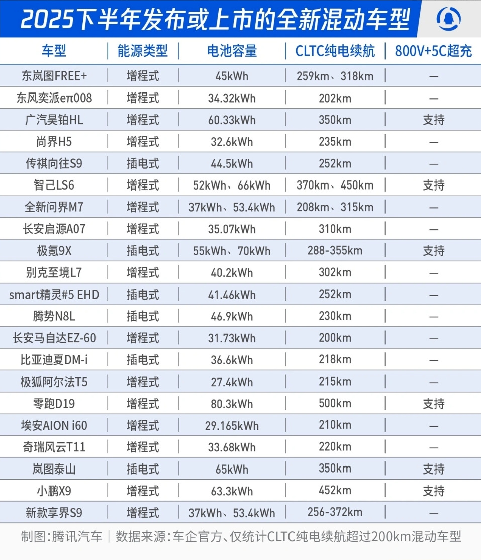 从2025下半年开始,更多全新增程车和插混车型便陆续问世,其中包括了一批最新的“超电”混动车型。8月有奕派eπ008增程版、昊铂HL增程版、尚界H5增程版;9月则有智己LS6增程版、全新问界M7增程版、新款长安启源A07增程版;进入10-11月,更是有极狐阿尔法T5增程版、零跑D19增程版、小鹏X9增程版等一大批新车,甚至小米汽车的YU9增程SUV也被多次曝光。
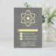 Tarjeta de respuesta Boda de tablero atómico de color dulce y nerd con un sencillo símbolo atómico de color amarillo en el fondo de un diseño de pizarra. ¡Esta tarjeta RSVP de bodas geek y divertida es perfecta para la pareja de entusiastas de la ciencia! Fácil de personalizar, simplemente añada los detalles de su boda en los espacios proporcionados. Haga clic en "Personalizar" para encontrar más opciones de personalización.
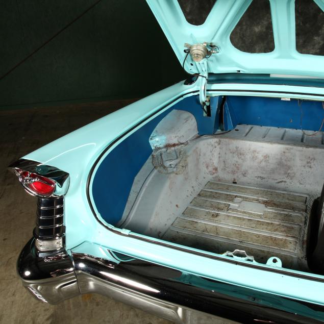 with a 371-cu.in. Rocket V8 equipped with the J2 3x2v package producing 300 horsepower, Hydra-Matic transmission, power steering and brakes, Autronic eye auto headlight dimming option, Cadet visor with prism, and Wonderbar Radio. Factory A/C is included but currently not installed in the car. This car is fully optioned after restoration. During restoration the J2 package was added correctly. The original intake and carburetor is included with the car.
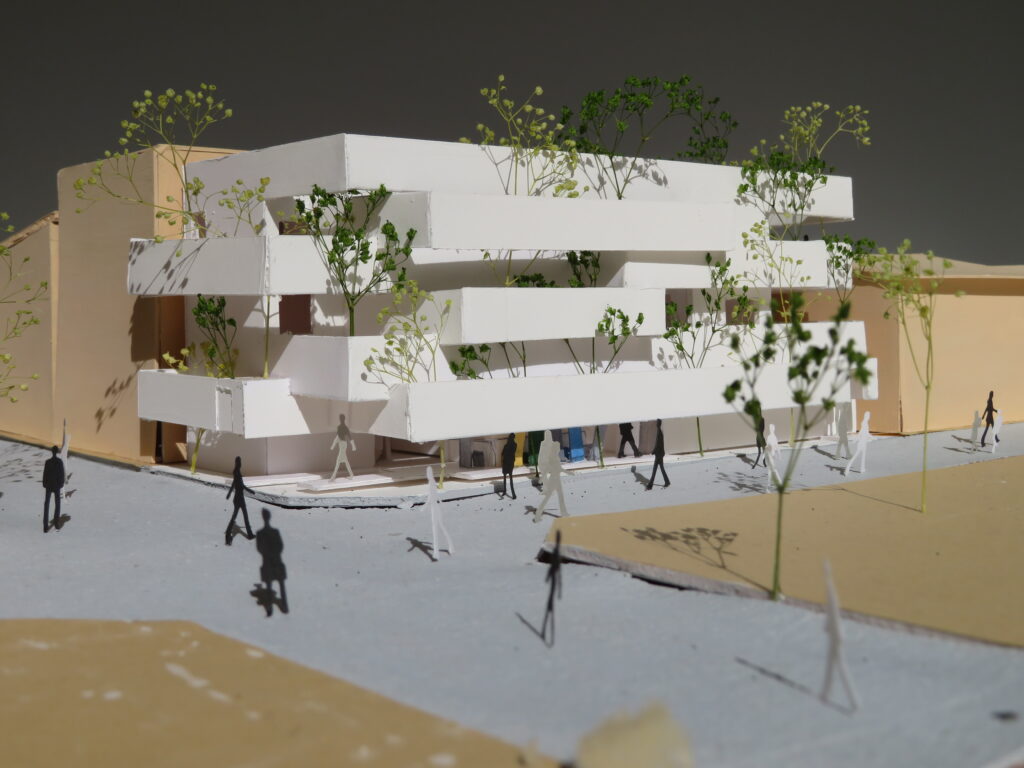 今回は、広島県福山市の久松商店街の一角に低層の集合住宅を設計するという建築設計演習Ⅱの課題をブラッシュアップし、「積もる帯につつまれて」というタイトルを付けて応募しました。「帯」に見立てた高さの低い壁をズラしながら積み上げることを空間構成原理とし、商店街の景観、居住者の住みやすさなどに配慮した設計となっています。

→ **PROBLEM REQUIREMENTS**: Exactly those lines that run from the line holding "with a 371-cu.in." to the end of the listing above, both included, are to be reproduced, with pictures left out.

→ **YOUR SOLUTION**:
 with a 371-cu.in. Rocket V8 equipped with the J2 3x2v package producing 300 horsepower, Hydra-Matic transmission, power steering and brakes, Autronic eye auto headlight dimming option, Cadet visor with prism, and Wonderbar Radio. Factory A/C is included but currently not installed in the car. This car is fully optioned after restoration. During restoration the J2 package was added correctly. The original intake and carburetor is included with the car.
 今回は、広島県福山市の久松商店街の一角に低層の集合住宅を設計するという建築設計演習Ⅱの課題をブラッシュアップし、「積もる帯につつまれて」というタイトルを付けて応募しました。「帯」に見立てた高さの低い壁をズラしながら積み上げることを空間構成原理とし、商店街の景観、居住者の住みやすさなどに配慮した設計となっています。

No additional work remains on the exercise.